Все кончается тем, что она забирает Юрика из кухни. Юрик мгновенно стихает. Ни плача, ни гуда... Наступает полная тишина. И вообще в доме тихо. Не лает собачонка на четвертом этаже. Не слышно сигналов азбуки Морзе на третьем этаже, у радиолюбителя, который, кажется, ловит эфир круглые сутки. Молчит пианино внизу, под полом. Не слышно назойливого буркотения телевизора за стеной...
Какая-то странная, нереальная, нездоровая тишина стоит во всем доме.
Я смотрю на часы. Скоро двенадцать.
- Мама! - кричит вдруг Юрик. - Не читай книгу!
Господи, Юрик...
Значит, с миром пока все в порядке.
Юрик возражает против того, чтобы мать отвлекалась от игры. Собственно говоря, она и не думает с ним играть. Она только делает вид, что участвует в игре, и порой даже старательно гудит, изображая машину, а сама заглядывает в учебник и в перерывах между гудением беззвучно шевелит губами, повторяя про себя никак не дающиеся фразы и пытаясь уловить сокрытый в них смысл.
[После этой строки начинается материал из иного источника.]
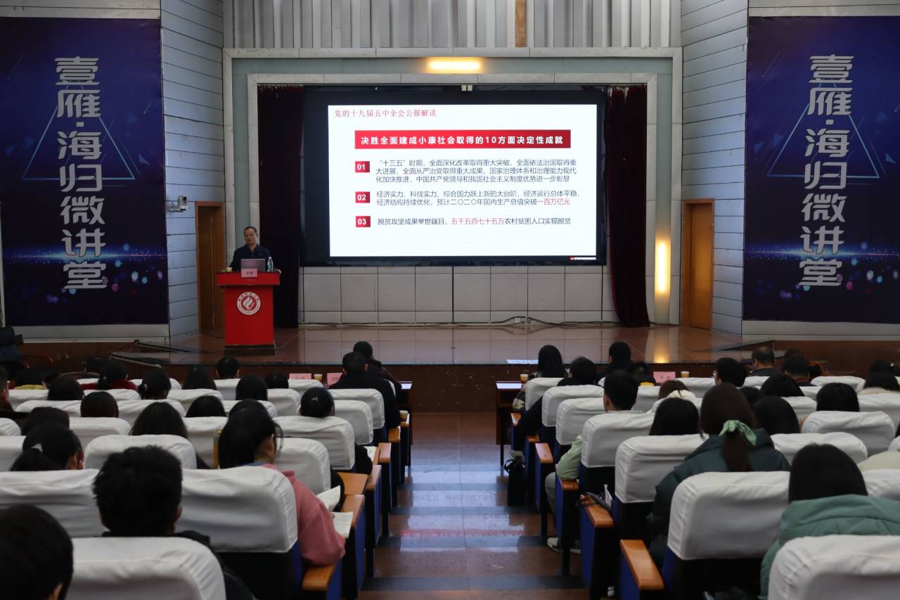 陈董事长从“十九届五中全会公报解读”、“以高质量发展为主题的必要性”、“学校发展面临的机遇与挑战”、“把高质量发展的主题落到实处”四个方面开讲。党课伊始,陈董事长便围绕习近平总书记在党的十九届五中全会上的重要讲话精神,从“一个重要判断”、“决胜全面建成小康社会取得的10个方面决定性成就”、“我国发展环境面临的深刻复杂变化”等多个方面,对党的十九届五中全会精神进行系统讲解和深入解读。
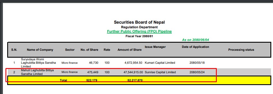 काठमाडौं । महुली लघुवित्त वित्तीय संस्था लिमिटेडले एफपीओ निष्काशन गर्नका लागि नियामक निकाय नेपाल धितोपत्र बोर्डमा निवेदन दिएको छ । कम्पनीले ४ करोड ७५ लाख ४४ हजार ९१५ बराबरको एफपीओ निष्काशन गर्न सेबोनमा भदौ २४ गते निवेदन दिएको हो ।
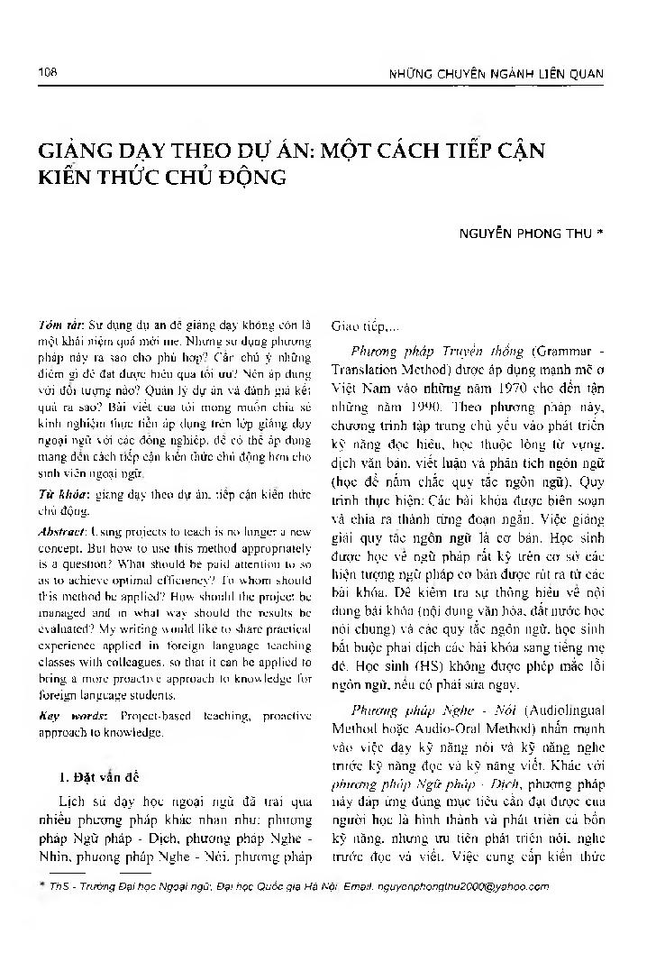Giảng dạy theo dự án: một cách tiếp cận kiến thức chủ động = Project-based teaching method: a proactive approach
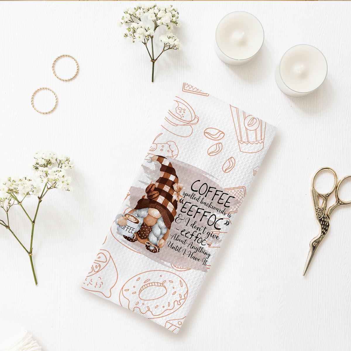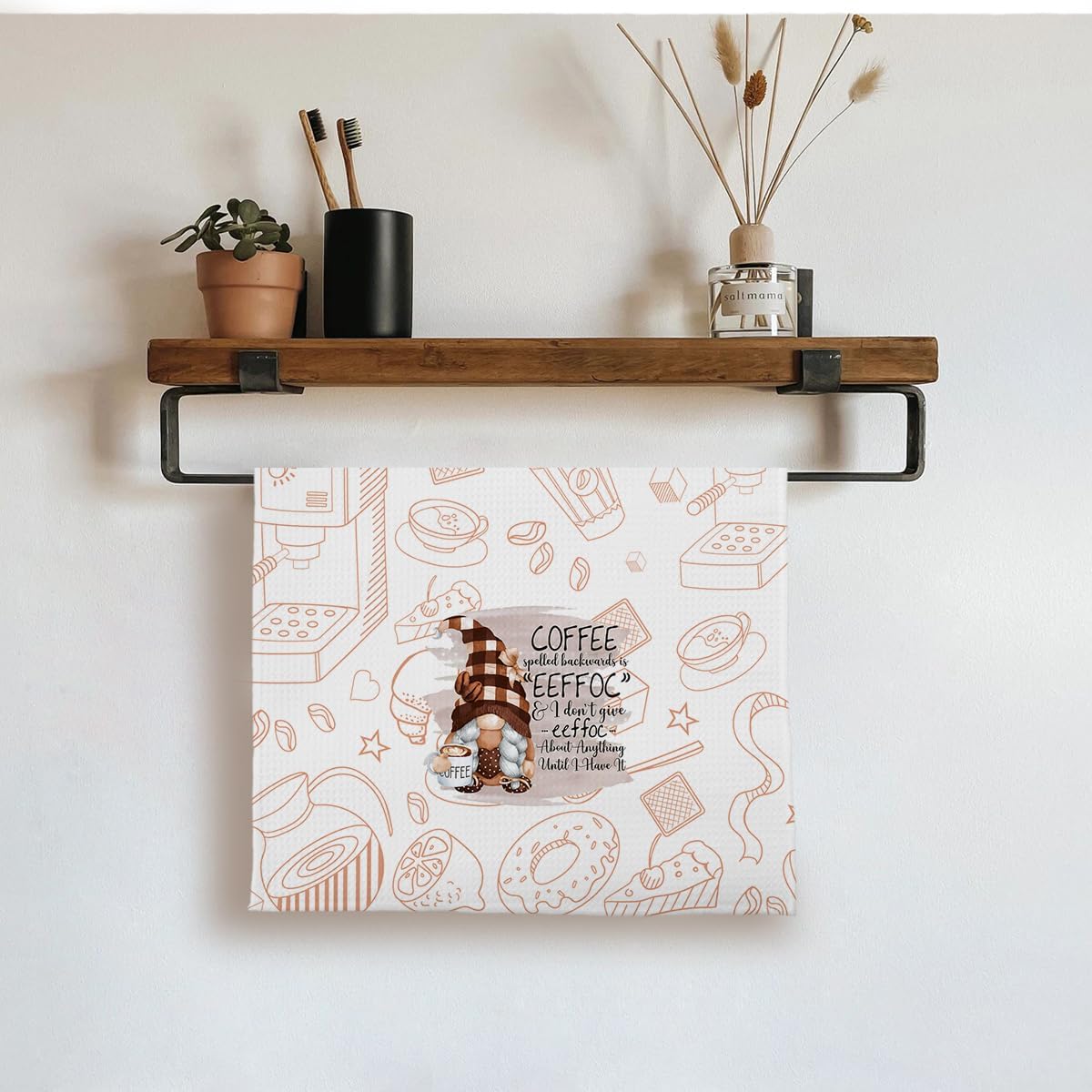 Coffee Gnome Kitchen Towels for Bar Decor - Funny Dish Tea Towels, Lover Gifts, 16x24 Inches
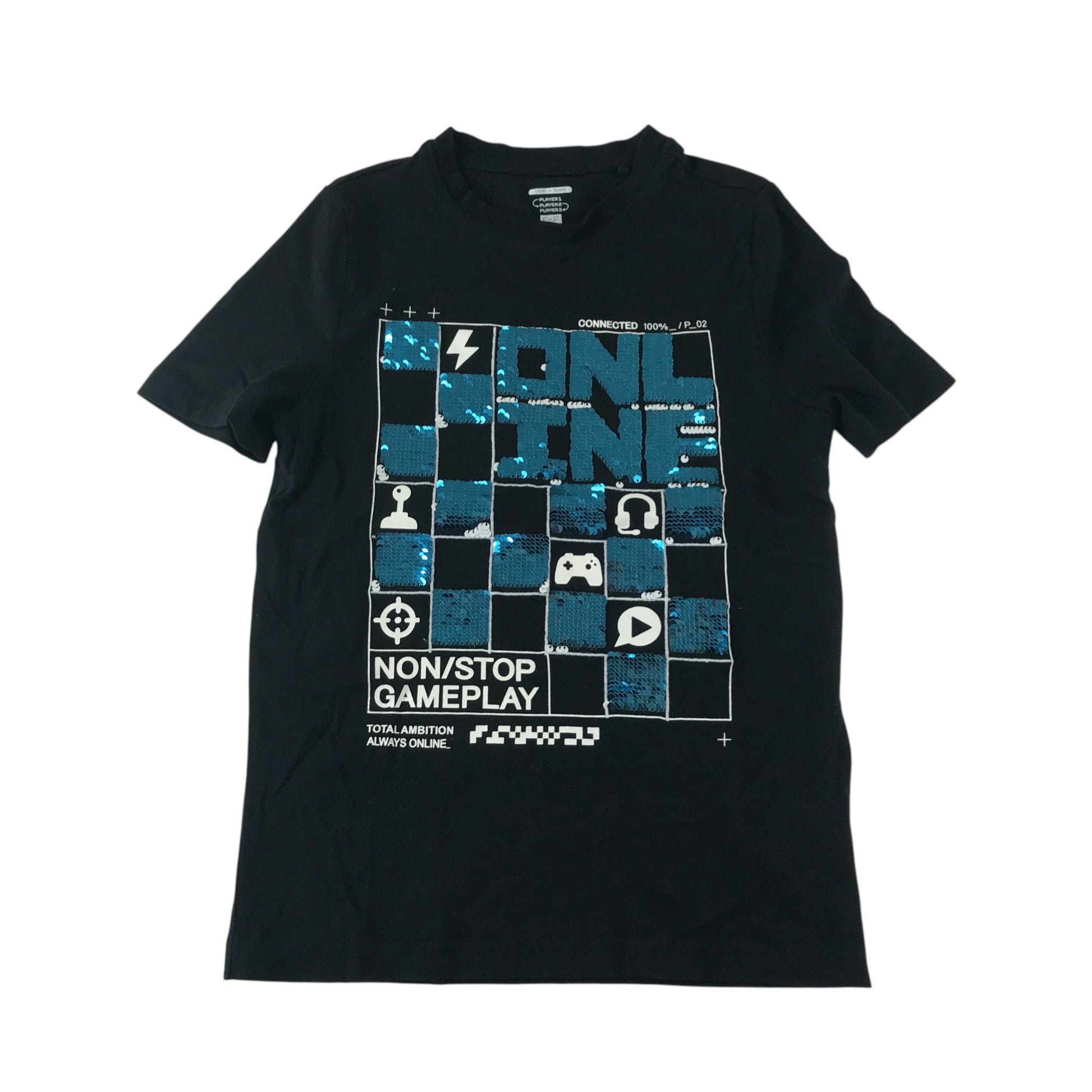F&F T-Shirt 7-8 years black short sleeve with gamer flip sequin cotton
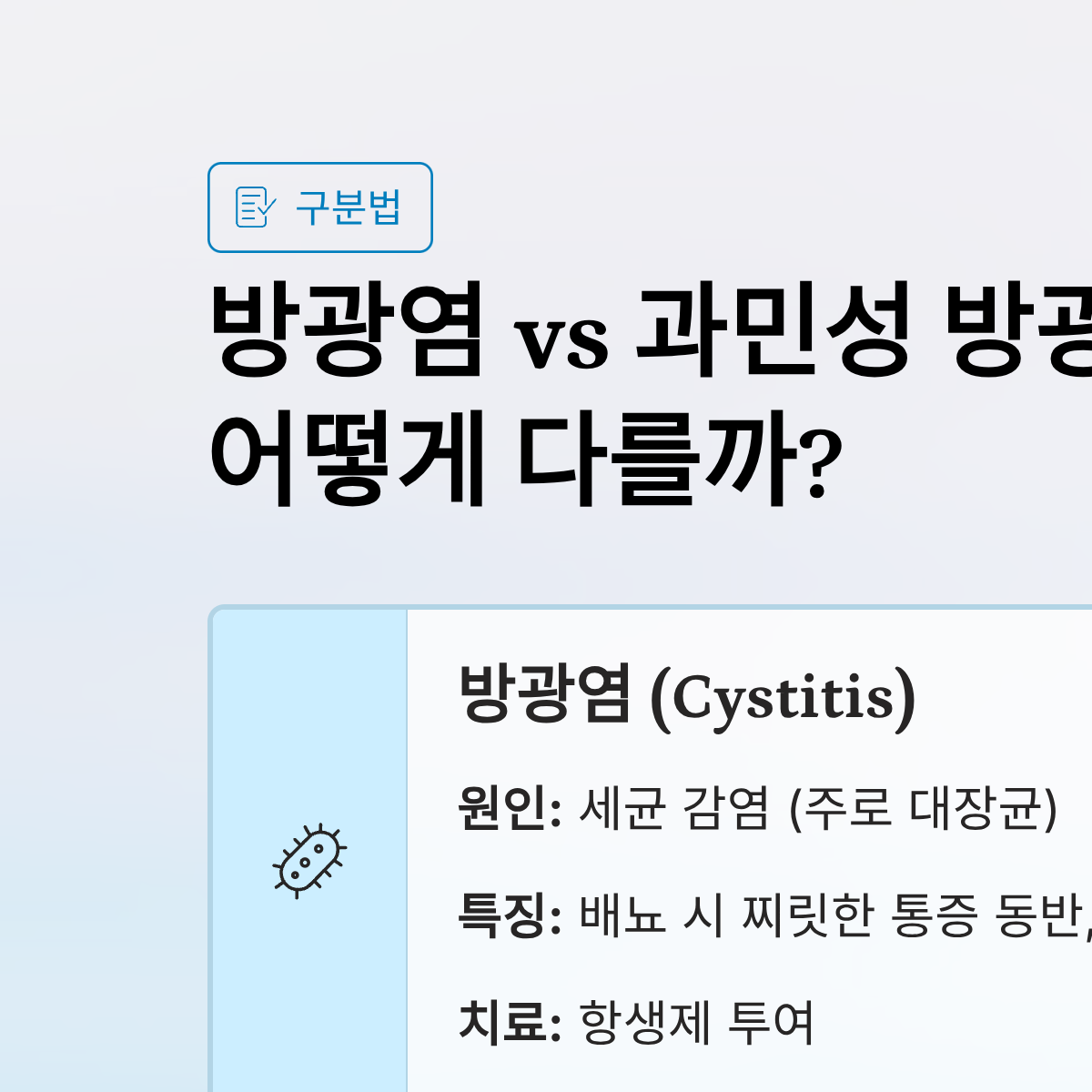 단순히 화장실을 자주 가는 것과 염증성 질환인 방광염은 '통증'과 '잔뇨감'에서 큰 차이를 보입니다. 아래 표를 통해 현재 자신의 상태를 즉시 점검해 보시기 바랍니다.
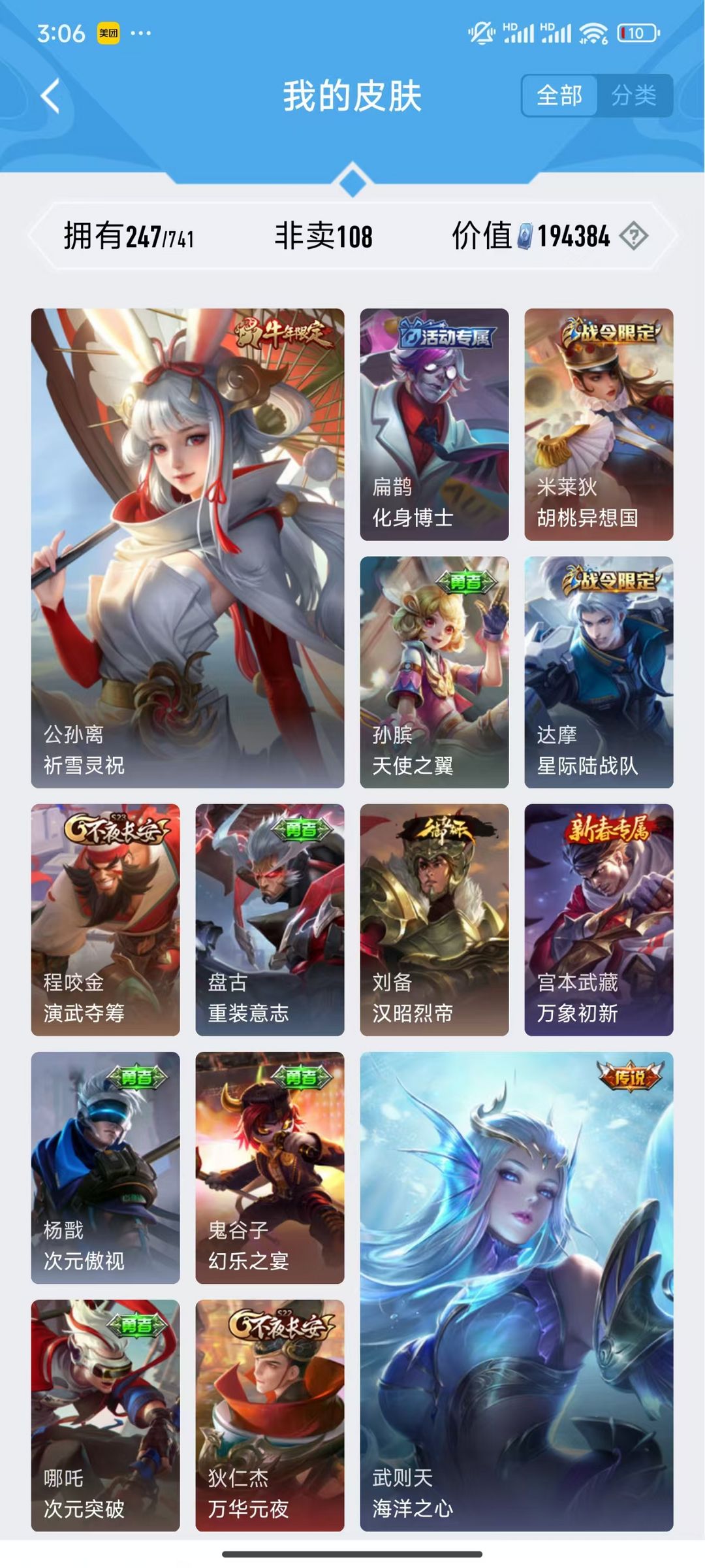 装备描述:倪克斯武陵仙君异界灵契时之祈愿(星元皮也有)海洋之泪(星元皮也有)久胜战神祈雪灵祝太华猫影幻舞

В знак протеста, не принимая ее половинчатого участия и зная, что мать устремится за ним, бросив книгу, Юрик срывается с места и подбегает к двери в комнату отца, стуча в нее кулачонками:
- Папа, открой!
Я слышу, какая борьба разгорается за дверью. Алина оттаскивает Юрика.
- Я хочу к папе! - кричит он так, словно его разлучают с отцом на веки вечные.
И я не выдерживаю...
Я выхожу и беру сынишку на руки, что, как считает Алина, совершенно непедагогично - я ведь не сдавал ни методику, ни педагогику, - и Юрик, прильнув ко мне, пристроив светлую головку на отцовском плече, умолкает мгновенно, даже дыхания его не слышно, и я каждый раз поражаюсь тому, что все это свершается за считанные секунды - от внезапного бунта до умиротворения.
"Значит, - думаю я, - что-то такое, тревожащее душу, происходит и в Юрике почти постоянно, как и в нас, грешных, обремененных житейскими делами, а нам ошибочно кажется, что ребенку бы только поиграть и что обращать внимание на его капризы - это совершенно непедагогично..."
Я подхожу с Юриком к окну. Облегченно вздохнув, он поднимает голову и, вытирая пальцами заплаканные свои глазенки, завороженно смотрит на огонь за окном, где стройка. Просто ли смотрит Юрик на огонь или же думает в это время о чем-то? Кто про то знает?
Я не помню, сколько времени стою у окна.
Там, где прежде были старые дома, теперь остались только деревья. Мне казалось, что они, точно взвод, поределый от артобстрела, прикрывали мою семью от серых коробок новых домов, которые теснились со всех сторон. Бульдозер, словно подбитый танк, замер неподалеку от костра, и было такое впечатление, что это он и горит, и дым от него тянется к небу, возвещая то ли о конце битвы, то ли о начале грядущих сражений.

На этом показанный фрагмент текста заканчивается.